As director, Paso moves his characters with imagination, fluency and accuracy, takes the rhythm of the scenes to the beat, does not leave dead times, nor in the entrances and exits, in a splendid hand-to-hand work with Ángela Peirat, his adviser to movement. A wooden tower, whose viewpoint is accessed by opposite ramps, serves to recreate the carriage that leads Jonathan Harker to Dracula’s castle, the schooner that moves the undead to England with its fifty coffins … it flows fast when the plot of the novel follows, but the Madrid scenes invented by Paso delay it and stagnate. That vampire rocker of his fans is a pale reflection (never better said) of the corner of the fictional character, a puppet that the author uses as a spokesman for his opinions on the materialism of our time and the supposed greater charm of past times, which are completely outside the suggestive Stokerian universe. In the parliaments of his entire invention, Paso does not put a gram of macabre humor, of Artaudian cruelty or of Granguiñolesque truculence: neither does he impregnate them with poetry but with an epidermal lyricism.

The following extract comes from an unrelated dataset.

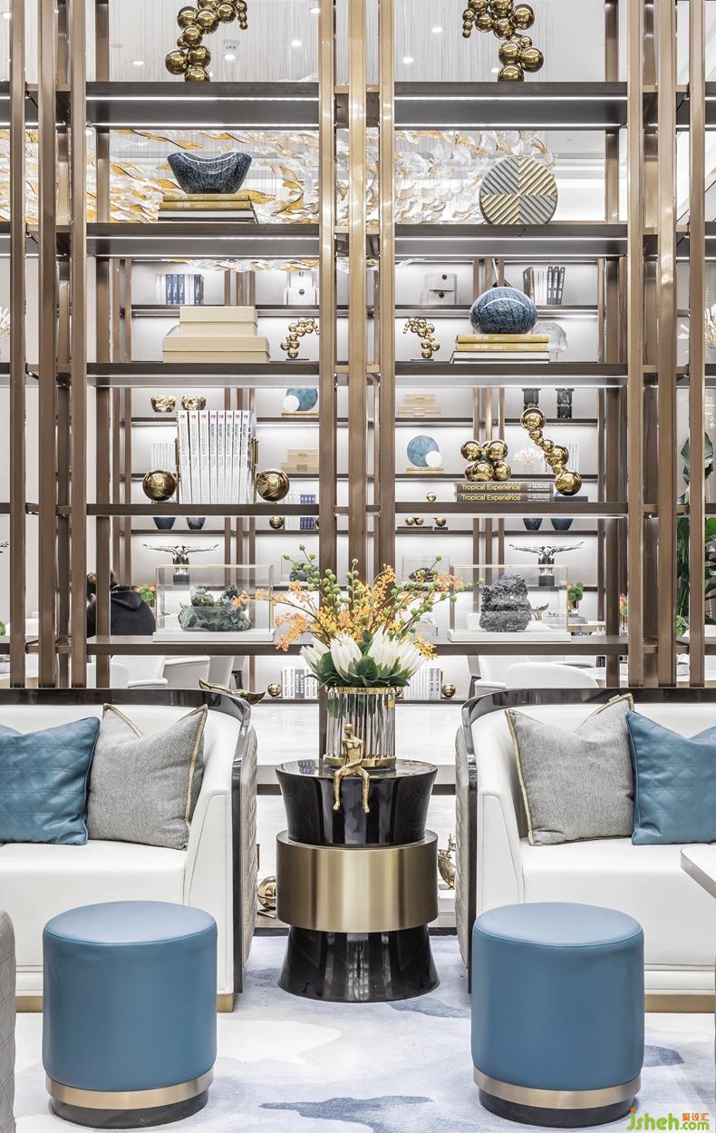 再者,情景空间在精心雕琢的平面比例下,创造出协调的参观和沟通路径。无论是画墨般的蓝灰地毯,还是金属铜艺术装置,这个空间以绝对纯粹的姿态,展示了自然人文的和谐之美。而在软装配饰上,为凸显现代时尚,沙发面料方面融入了经典的Dior戴妃包格纹纹理,进一步加强了内部空间的格调气质。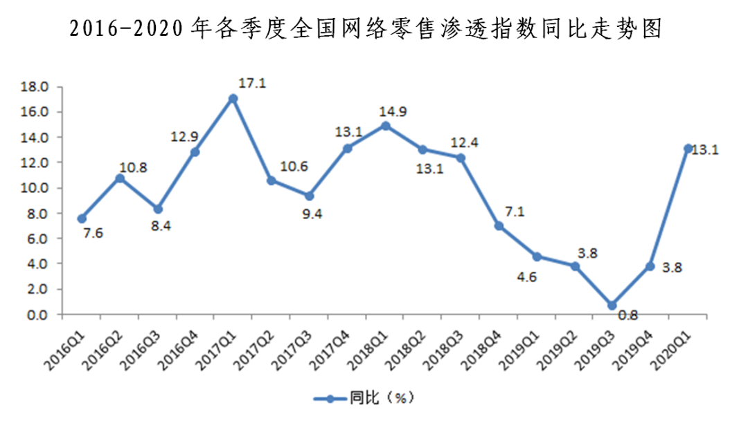 二、網(wǎng)絡(luò)零售滲透指數(shù)同比增長(zhǎng)13.1%,環(huán)比下降3.3%。

Piloted with a good pulse, the show takes the curves very well and accelerates thoroughly on the straight lines during its first half. In the second, when the author removes the steering wheel from the director, the function is lost. If we follow it carefully, it is because of the lightning work of the actresses all. Inés Kerzan is a bright, charming and very determined Mina; Ana Azorín, a millimetrically sweeping whirlwind in the role of Alisande Renfield; Ángela Peirat, a high voltage Lucy. Ainhoa ​​de Orte, Lorena Quintana and Laura de la Isla support them with conviction. Jacobo Dicenta plays a shadowed Dracula, but without a golden fang. The well-drawn Van Helsing by Juan Carlos Talavera has plenty of composition. Notable, the lighting of Carlos Alzueta.

Dracula Text and direction: Ramón Paso, based on the work of Bram Stoker. Fernán Gómez Theater. Madrid. Until February 9.